## DATA EXCERPT

= = = = =

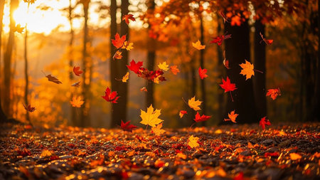 Golden and red leaves spiral down from trees, landing softly on the forest floor as the sun sets, casting a warm glow through the branches.
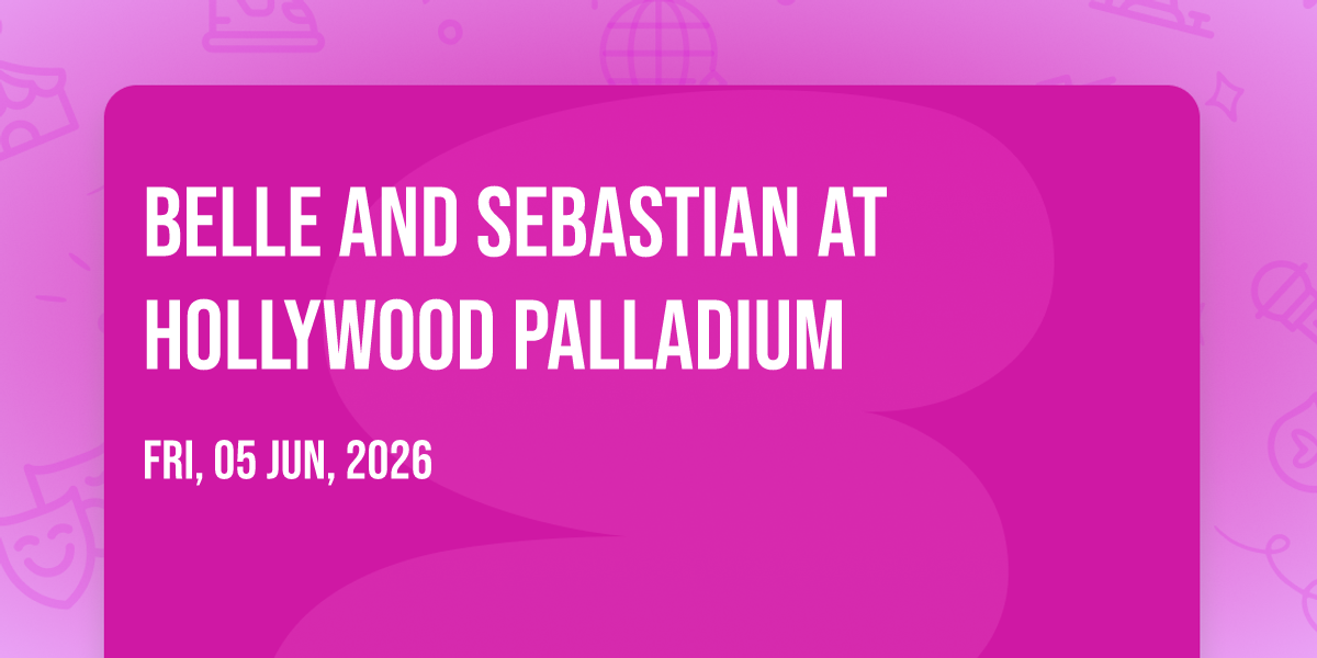 π Step into a world of wonder at Belle and Sebastian at Hollywood Palladium, where extraordinary moments await! ποΈ Located at Hollywood Palladium in dynamic Los Angeles, CA, this event will become the talk of the town. π Join us on June 5th, 2026 at 08:00 PM for a celebration that defies the ordinary. β¨ This curated experience brings together the best of entertainment, culture, and community spirit. Every detail has been thoughtfully planned to ensure an unforgettable experience for all our guests. π― Take advantage of this opportunity to be part of something special. π Early registration is recommended as space is limited!
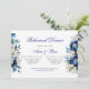 Royal Blue White Peony Silver Rehearsal Dinner Invitation
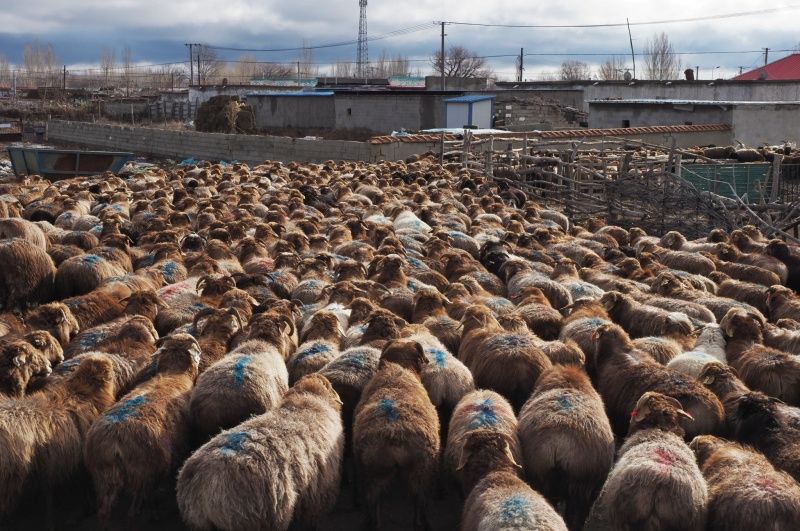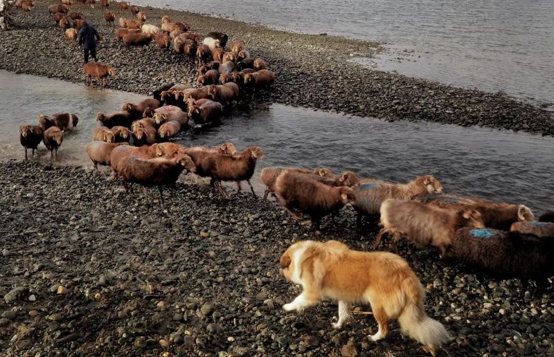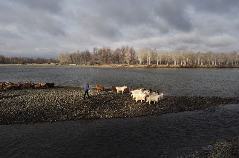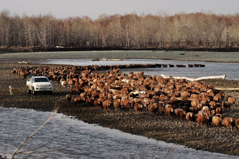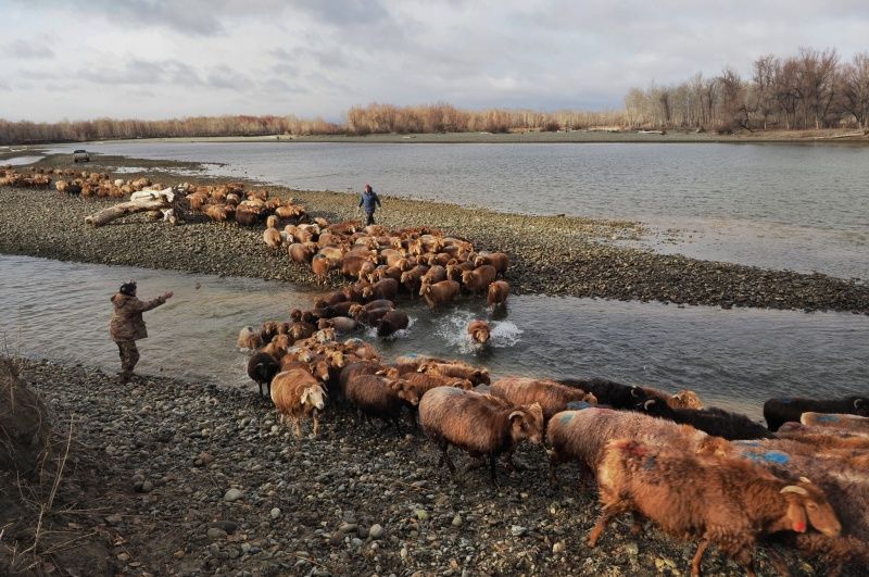 2023年11月20日,新疆阿勒泰,布尔津县窝依莫克镇喀拉库勒村职业代牧人赶着12户的1200只羊,跨过布尔津河,从秋牧场向冬牧场(冬窝子)迁徙。(钱捍/视觉中国)

= = = = =

## BRIEF
Restate word for word the lines from the one containing "π Step into" through the end of the material above, both included, and nothing besides; drop the pictures.

## ANSWER TO THIS PROBLEM
 π Step into a world of wonder at Belle and Sebastian at Hollywood Palladium, where extraordinary moments await! ποΈ Located at Hollywood Palladium in dynamic Los Angeles, CA, this event will become the talk of the town. π Join us on June 5th, 2026 at 08:00 PM for a celebration that defies the ordinary. β¨ This curated experience brings together the best of entertainment, culture, and community spirit. Every detail has been thoughtfully planned to ensure an unforgettable experience for all our guests. π― Take advantage of this opportunity to be part of something special. π Early registration is recommended as space is limited!
 Royal Blue White Peony Silver Rehearsal Dinner Invitation
 2023年11月20日,新疆阿勒泰,布尔津县窝依莫克镇喀拉库勒村职业代牧人赶着12户的1200只羊,跨过布尔津河,从秋牧场向冬牧场(冬窝子)迁徙。(钱捍/视觉中国)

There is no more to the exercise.